Komposisi Lulusan yang Beragam
Para lulusan menunjukkan komposisi yang beragam dan lintas-keahlian: 33 orang menyelesaikan program Sarjana Terapan Pertanian (STr.P.) dari Program Studi Penyuluhan Pertanian Lahan Kering, 14 orang meraih gelar Ahli Madya Pertanian (AMd.P) dari Program Studi Manajemen Pertanian Lahan Kering, dan 22 orang memperoleh gelar Ahli Madya (AMd.P) dari Program Studi Manajemen Agribisnis, mencerminkan keseimbangan antara kapasitas penyuluhan, manajemen lahan kering, dan kompetensi agribisnis.

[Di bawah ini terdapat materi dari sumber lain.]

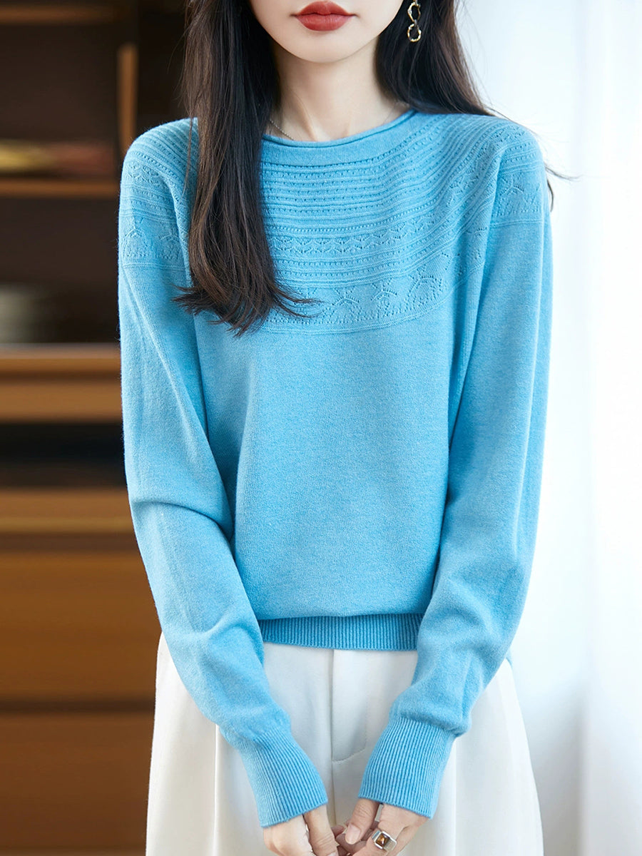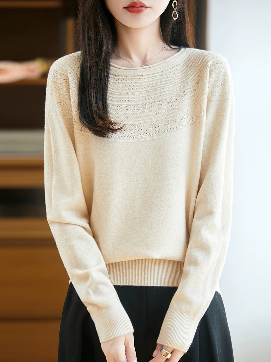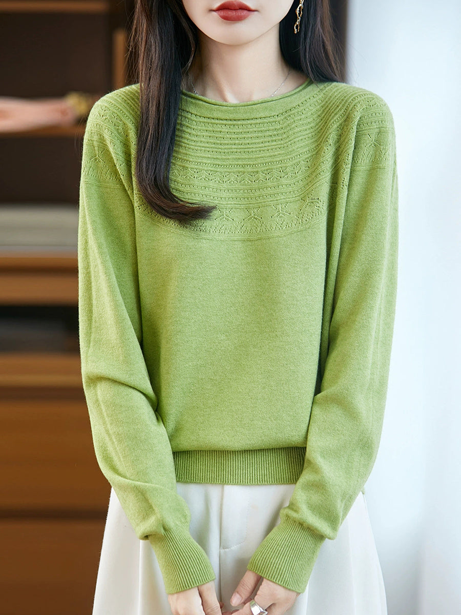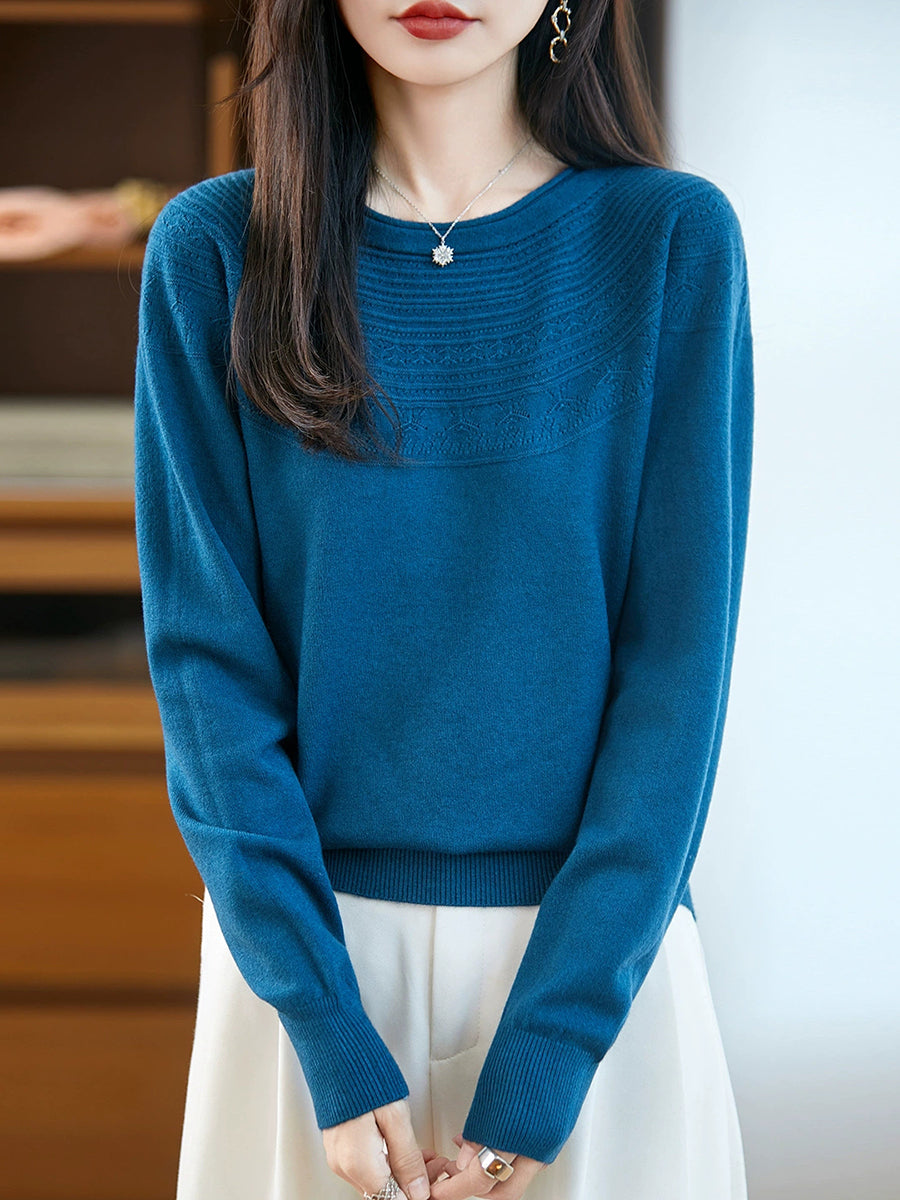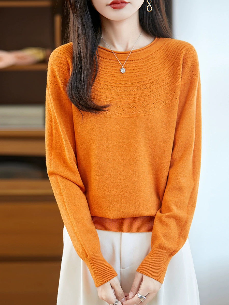 Damen Frühlingspullover aus künstlerisch gestricktem Rundhalsausschnitt

Penyempurnaan Kompetensi di Masa Pandemi
Proses yudisium ini menjadi bukti ketangguhan dunia pendidikan dalam menghadapi tantangan pandemi COVID-19. Selama masa studi, para lulusan tidak hanya dibekali dengan teori-teori akademik, tetapi juga kemampuan praktikal yang disesuaikan dengan kebutuhan pembangunan pertanian di lahan kering.
Kontribusi untuk Pembangunan Pertanian NTT
Ke-69 lulusan ini diharapkan dapat menjadi agent of change dalam memajukan sektor pertanian di Nusa Tenggara Timur. Dengan kompetensi yang dimiliki, mereka dipersiapkan untuk terjun langsung dalam pengelolaan lahan kering secara berkelanjutan, pengembangan agribisnis, dan penyuluhan pertanian kepada masyarakat.
Momen Penting Perjalanan Akademik
Yudisium tidak hanya menjadi penanda berakhirnya masa studi, tetapi juga awal dari peran baru para lulusan dalam mengaplikasikan ilmu yang telah diperoleh. Semoga keberhasilan ini menjadi inspirasi bagi generasi berikutnya untuk turut berkontribusi dalam pembangunan pertanian di daerah.
Selamat dan sukses untuk 69 lulusan MPLK 2021! Semoga menjadi profesional yang kompeten dan berkontribusi nyata bagi kemajuan pertanian NTT.